Alguien me ha dicho:
                         -¡debés decir qué ves!
Pues bien, lo digo.
 
El agua del puerto enmudece.
Y los zapatos del policía preñan asfaltos o envoltorios de chocolate.
Charcos.
Ya lo sé, luna sobre el puente, solcito puerco.
Y un solo de motores de barco,
quizá un trino de pichón desbocado
en la cara de la mujer que camina, fuma,
se pintarrajea y se va.
Umbrales.
 
II
Alguien me ha dicho:
                            -debés ser hombre, ¡reflexiona!
Pues bien, no soy ni seré
                                   -¡reflexiono!-
ni quiero ser nada y aparte, je, las tengo todas.

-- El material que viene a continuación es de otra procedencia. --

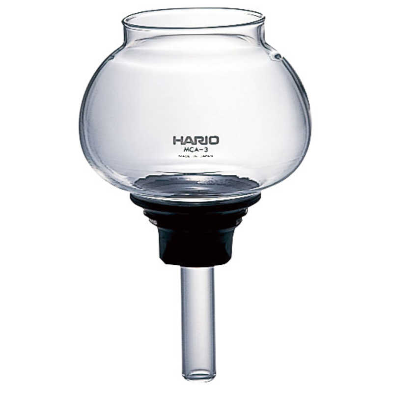 【商品解説】サイフォン「モカ」3人用は、上ボール・下ボール側面のHARIOのロゴの下に、『MCA3』と白いプリント文字が入っています。

Y fuera de eso, qué sé yo.
 
III
Bueno, me las pico del puerto y entro a mi departamento
y lo veo, lo veo, al mismo, sí, señoras y señores,
les juro,
con ustedes, el gato de Bukowski, el mismo, blanco y bizco,
me mira apaleado
y pienso entonces en el asunto del amor,
la comida, las vacunas, el veterinario y su diagnóstico:
                                                -“míster, el gato está muy grave”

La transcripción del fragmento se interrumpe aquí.